Explaining the impossibility of squaring the circle mathematically can someone please explain why squaring the circle was proved impossble by the way that they were attempting to solve it?
 A: The result relies fundamentally on the theory of field extensions of $\mathbb{Q}$.  Basically, what you need to observe is that a point in the plane is constructible in one step if and only if it lies in $K_1^2\subset\mathbb{R}^2$ where $K$ is a field extension of $K_0=\mathbb{Q}$ obtained by adjoining roots of a quadratic polynomial with coefficients in $K_0=\mathbb{Q}$.  Then you show that a point is constructible in $n$-steps if and only if it lies in $K_n^2\subset\mathbb{R}^2$ where $K_n$ is a field obtained by adjoining a root of a quadratic polynomial with coefficients in some $K_{n-1}$.  That is, we just iterate the process of adjoining roots of a quadratic polynomial to our current field $n$ times.
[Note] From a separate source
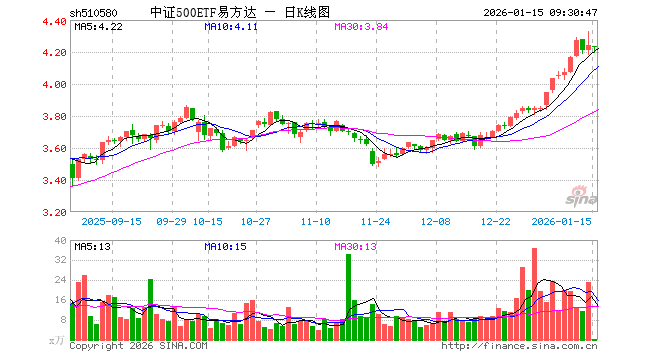 1月15日,中证500ETF易方达(510580)开盘跌0.21%,报4.232元。中证500ETF易方达(510580)重仓股方面,胜宏科技开盘跌1.39%,华工科技跌1.00%,先导智能涨1.95%,芯原股份涨0.85%,指南针跌0.70%,巨人网络涨0.96%,卧龙电驱跌0.13%,欣旺达跌0.12%,赤峰黄金跌0.25%,通富微电跌1.00%。

The important point is that whenever you adjoin a root of a degree two polynomial in this way, you create a field extension whose degree is at most $2$ over the base field.  So any field obtained via this procedure is a finite field extension of $\mathbb{Q}$.
Then once you know that $\pi$ is trancendental over $\mathbb{Q}$, it follows that $\pi$ doesn't lie in any field extension of $\mathbb{Q}$ with finite degree.  Therefore, the point $(0,\pi)$ cannot be constructed in finitely many steps with a ruler and compass.